Of the ten cities, municipalities, and city municipalities where regular elections will be held on March 29, 2026, only Knjaževac clearly indicated how much it will allocate for financing the election campaign, while Sevojno is the only municipality that has calculated the total allocations for party financing during the budget year in accordance with the Law on Financing Political Activities – shows an analysis by Transparency Serbia.

TS’s analysis shows that the authorities in Kula, Aranđelovac, Bor, and Bajina Bašta “forgot” that regular elections would take place in 2026 when they adopted this year’s budgets. An even more drastic case is Kladovo, where a budget revision was made after the elections were announced (March 5, 2026), but mandatory legal costs for campaign financing and election implementation were still not provided. In Smederevska Palanka, Majdanpek, and Lučani, funds for campaign financing were allocated, but in insufficient amounts. The missing funds will therefore have to be paid from budget reserves.

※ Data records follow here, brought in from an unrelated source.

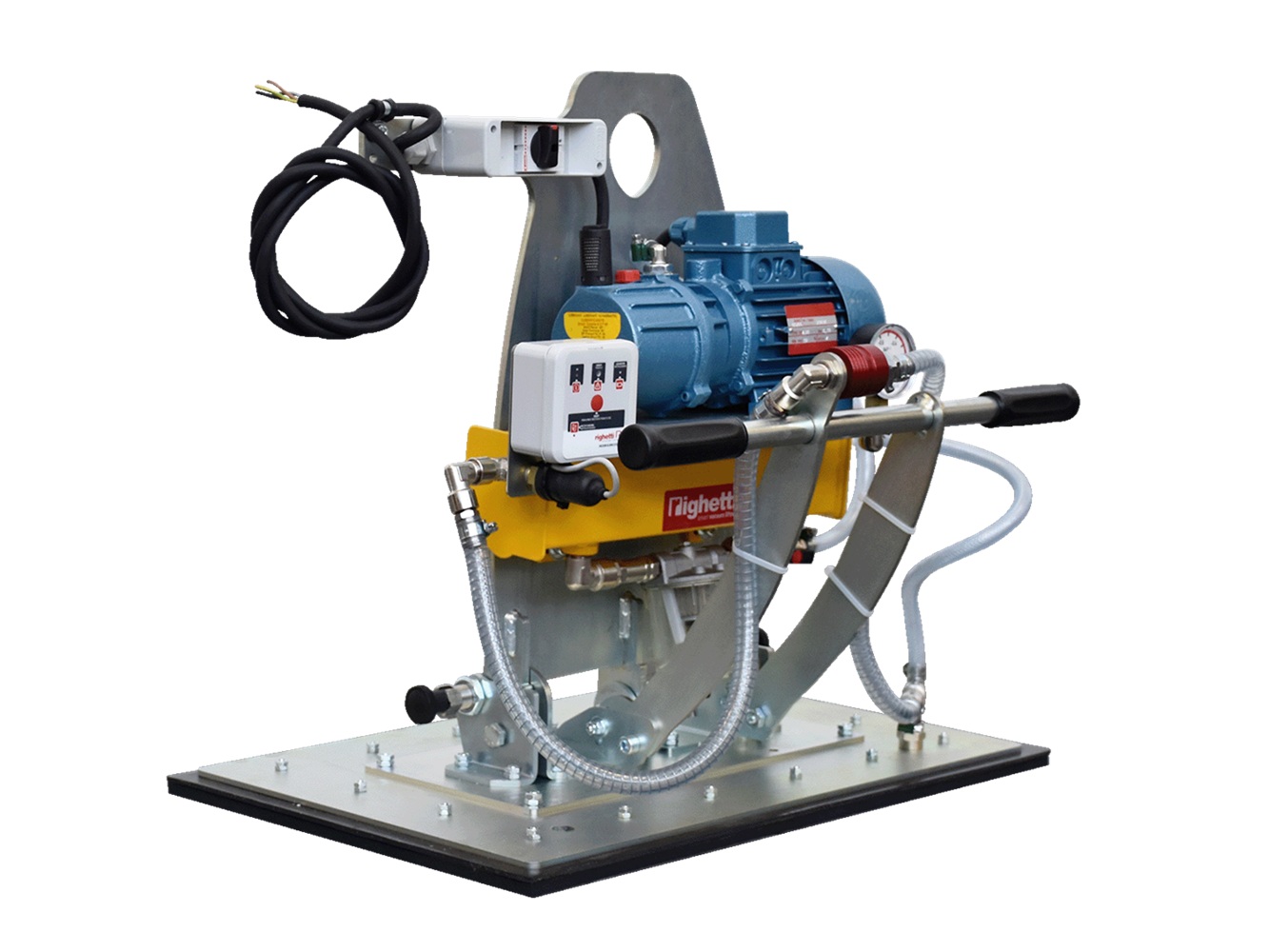 M1A är pneumatiskt driven och används där tryckluft finns tillgänglig, till exempel i verkstad eller fasta produktionsmiljöer. M1EB är elektriskt driven med vakuumpump och finns i både 230 V och 400 V utförande, vilket gör den lämplig för kontinuerlig drift. M1B är batteridriven med inbyggt uppladdningsbart batteri och levereras med laddare, vilket gör den särskilt lämplig för montering och arbete på byggarbetsplats utan extern energiförsörjning.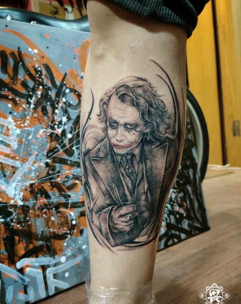 当前位置: 首页 >广东省揭阳市纹身店-畏·刺青RESPECT TATTOO纹身图案>JOKER纹身图片_腿部欧美写实纹身图案
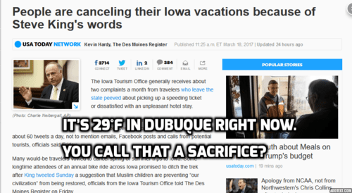 People are canceling their Iowa vacations because of Steve King’s wordsCommenter Kyle McKenna observes: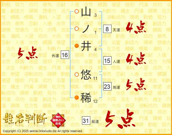 山(3画)ノ(1画)井(4画) 悠(11画)稀(12画)
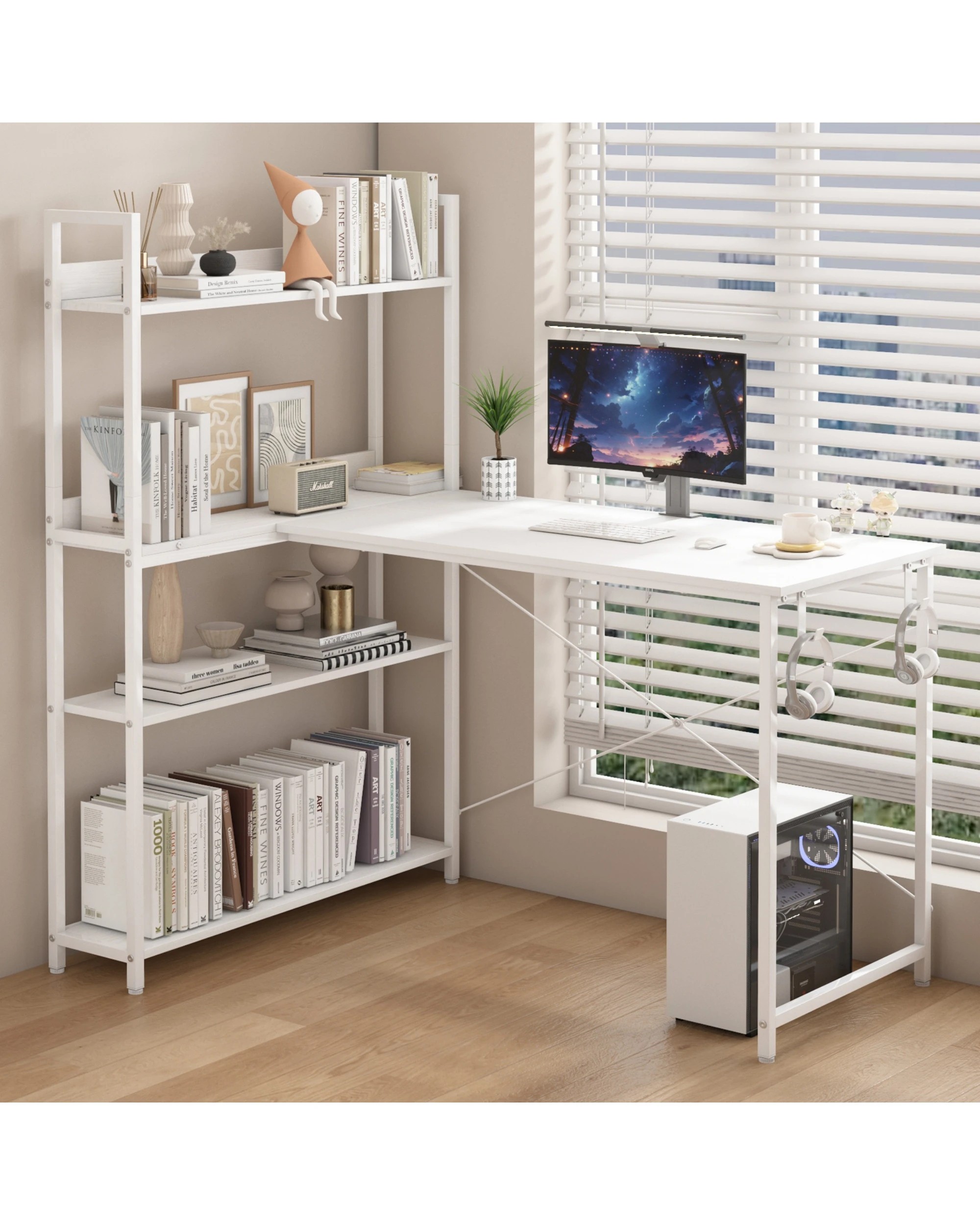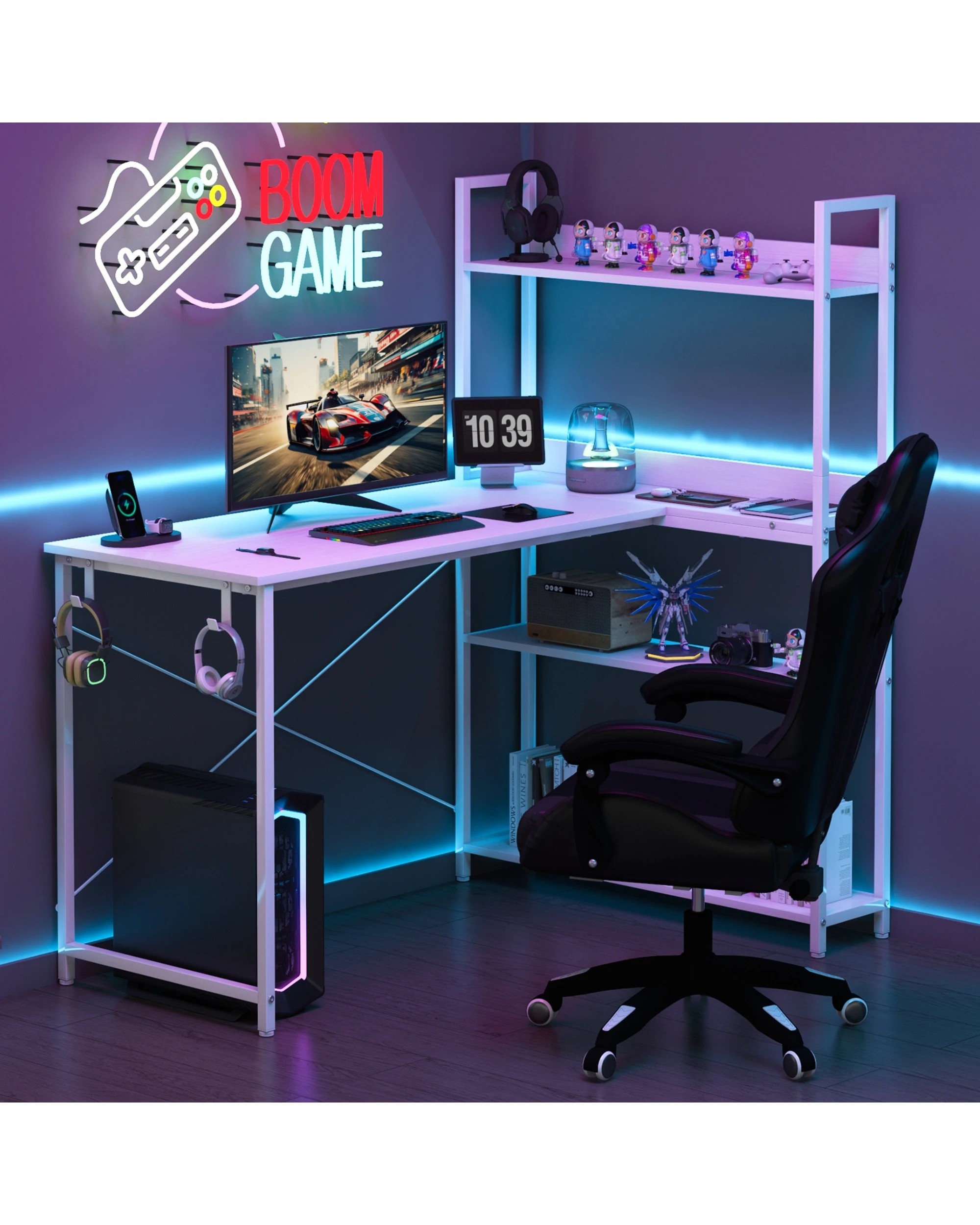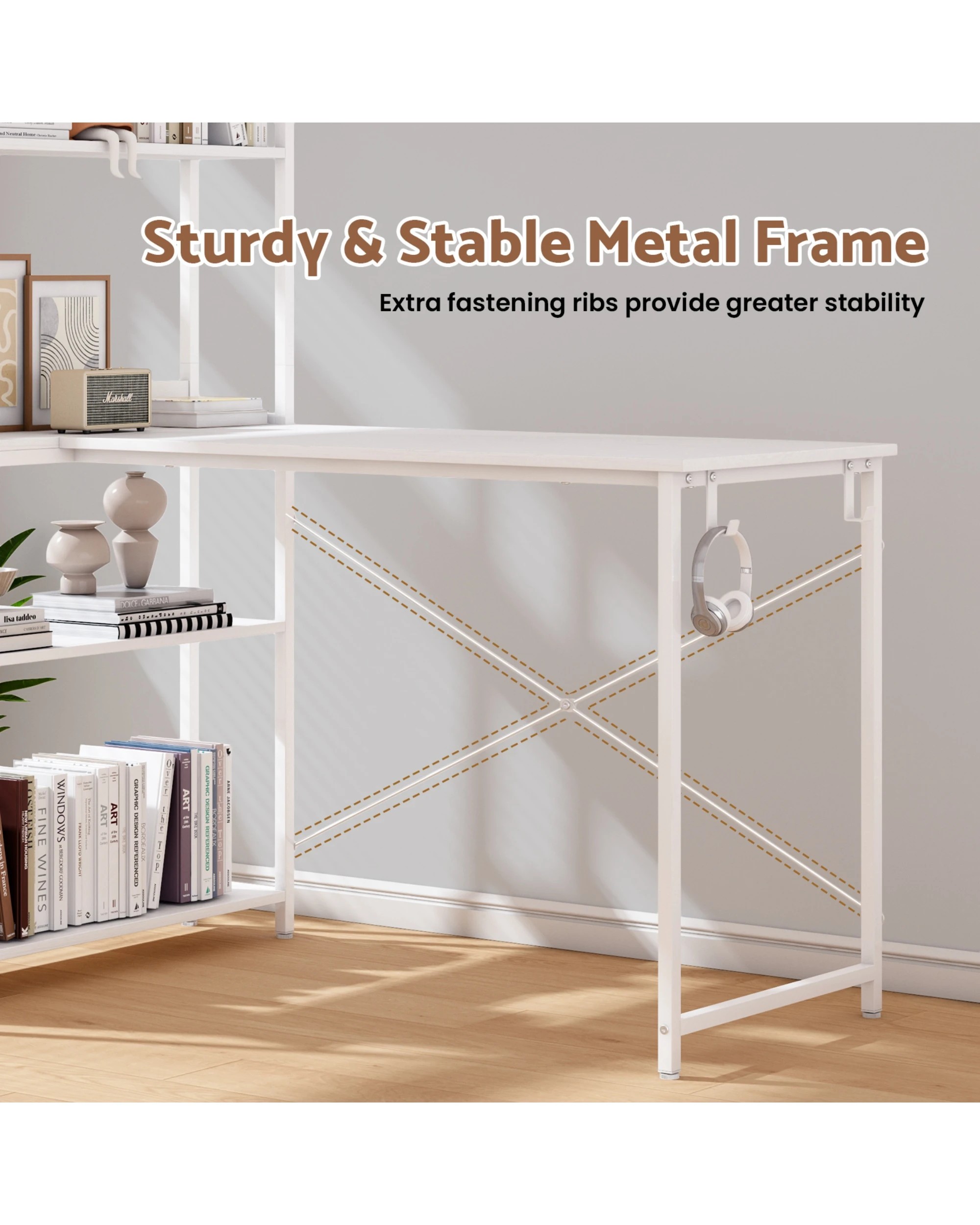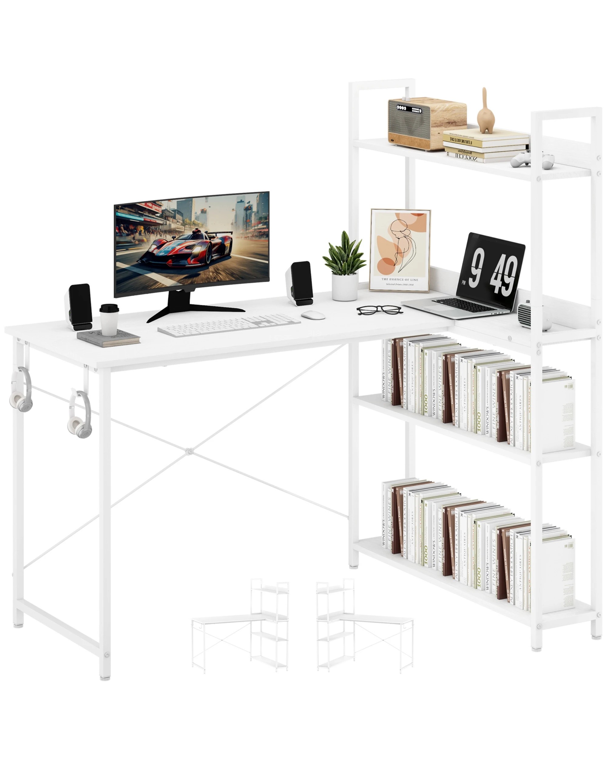 Advwin 120cm L Shaped Computer Desk With Reversible Storage Shelves Corner Desk White

The data on the amounts to be distributed confirm how valid the warnings we gave when the Law was adopted were – that the system of budgetary allocation does not ensure conditions for equal competition among election participants. This particularly affects local citizen groups facing large parliamentary parties as opponents. Differences in financial capacities are especially evident in situations like the current one, where a significant part of the campaign is conducted through national media.

While the Law allows parliamentary parties to use funds from the national budget for local campaigns to cover their regular activities, i.e., everything that is not an election campaign (over €18 million annually), other participants receive very modest support from local budgets, if it is provided at all. In Sevojno, each of the four submitted candidate lists will receive a negligible 3,204 dinars before the election. In other municipalities, the amount that should be distributed per list before the election ranges between 49,000 and 98,000 dinars, and only in Bor (216,187) and Aranđelovac (114,662) is it slightly higher.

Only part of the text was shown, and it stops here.